He was also very popular with women. One time,
when he and his friend were hitchhiking in Oregon for adventure, two women
picked them up and they were screwing within an hour, before they even knew
their names. He’d always have two or three girls hanging around. On top of
that, he could drink any of his friends under the table. And still, he was able
to maintain a 3.8 average. He couldn’t miss. Everybody thought he was headed
for medical school. But at the last minute, he switched gears and decided to
become a biology teacher instead.
His
problems began when he got married. First, his wife, who was manic-depressive,
often refused to take her medication. When she didn’t, she screamed and threw
things. Second, his daughter turned out to have serious emphysema. By the time
she was one year old, she already had to be taken to the emergency room twice.
Respiratory-based diseases like emphysema and asthma were among the very few
that had resisted a genetic-based cure, Laughing Louie Levinsky’s endless fundraising
telethons for these maladies notwithstanding. Just recently, geneticists had
discovered an experimental cure for emphysema, but it was very expensive – the
California health system wouldn’t pay for it.
That meant that Josh would have to raise the
money somehow. And he couldn’t do it on a teacher’s salary. His father
suggested that he go to one of the Force’s recruiting stations and sign up.
With his experience as a biology teacher, he reasoned, they’d make Josh a
medic, which would be less dangerous than being a fighter.
So Josh was taken into a car, blindfolded and
driven to a secret recruiting station in the back room of an import-export
company. And indeed, the interviewer promised Josh that they’d make him a
medic.
The guy lied. Three months into his service,
they told him that there was an emergency, that they had enough medics, and
that they needed everyone they could get on the front lines. So Josh fought in
some of the hottest spots: Johannesburg, Marseilles, Iceland and now Sarajevo.
But at least he had become the commander of a unit, and a unit made up mainly
of artists and intellectuals, at that. It was something.
* * **
CHAPTER THREE
SARAJEVO, 2030
When Bucharest Joe told him about the wounded
enemy soldier on the steps, Josh thought for awhile. He looked at his watch.
Still two hours to go. According to U.N. rules, they couldn't start shooting
until then. Five years of being in the forces told him that you couldn't trust
anybody. But he knew that Manuel personally was an honorable man, as
Shakespeare would have said, and that Manuel's troops would do what he told
them to do.
He turned to Josh. "Let's go for
it," he said. "But if they start shooting, we leave him there and run
for it. Our lives are more important than his."

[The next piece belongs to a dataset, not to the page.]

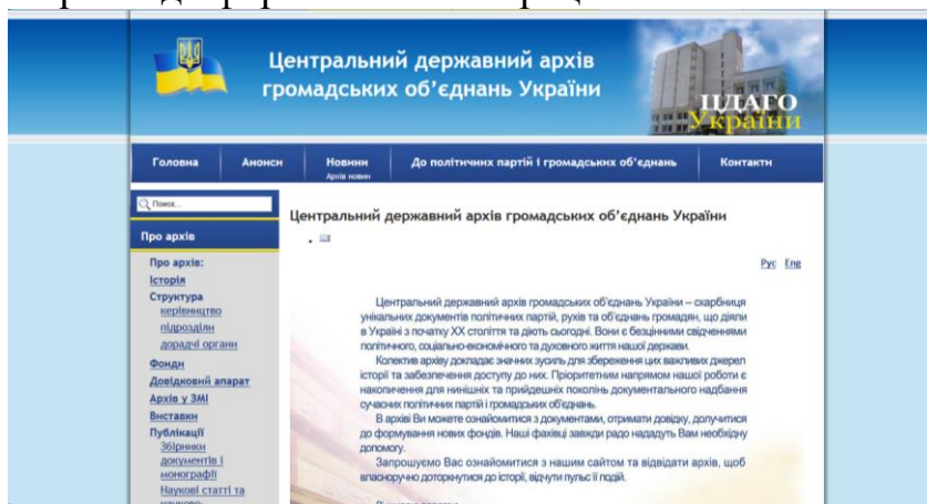
Рис. 2.2 Головна сторінка сайту Центрального державного архіву громадських об'єднань України

Josh was halfway to the door when Bucharest
Joe tried to block him. "Josh," he pleaded, "let me go. As the
leader, you're too valuable. I'm a scout, remember? I know my way around."

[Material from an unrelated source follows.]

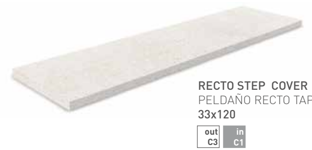
RECTO STEP COVER PELDAÑO RECTO TAPA 33x120 out C3 in C1

Josh shook his head. "As the leader, I'm
responsible for everything that goes on here, and it's my duty to go," he
said.
"Well ... OK," Bucharest Joe said
hesitatingly. "But I'll go with you."
They both exited the door and started
descending the cinder-block stairway of this former school building, Joe
leading and Josh following. They knew every step might be their last. Well, Joe
thought, it’s all karma. The smell of urine was everywhere. As they walked,
they gazed at the generations of graffiti on the wall and the broken,
long-obsolete fluorescent lights on the ceiling.
Half
a flight down, they saw the guy, clutching at his stomach, bleeding and
groaning. Josh took the guy's arms, Bucharest Joe his legs. They carried him
down the stairs, blood dripping onto the floor and onto their clothes. They
reached the Confederacy's headquarters and knocked on the door.
"Who's there?" a voice from the
other side of the door cried out.
"Josh and Joe from upstairs," Josh
cried out. "One of your men wounded himself cleaning his gun on the
stairway. We've got him right here. Let us in, OK?"
There was a long silence. Then the door
opened. Josh and Joe brought the guy in. Almost as soon as they entered, two of
the Confederacy guys took the wounded man away from them and whisked him into
an Ultrasonic Healing Booth at the other end of the room. In a few minutes, the
machine began to emit a pink light and a soft hum. It's nice that these guys
can get a hold of this new medical technology, Josh thought, bitterly
remembering the painful stomach infection he had to suffer in Iceland.
Josh
and Bucharest Joe looked around. The Confederate fighters, both male and
female, were lounging around, listening to music, playing board games, reading,
waiting for the hour of combat. In other words, the scene was more or less the
same as in the Force of Honor headquarters, except for the fact that the Confederates
all wore spotless, olive-green uniforms.
A
door opened from an inner office, and Manuel, a short, dark man, came out
smiling, reaching to shake Josh's and Joe’s hands. Manuel was a former Bolivian
soccer star who had fallen into disgrace because of his involvement with a drug
cartel. In the aftermath, he threw in his luck with the Confederacy of Twelve.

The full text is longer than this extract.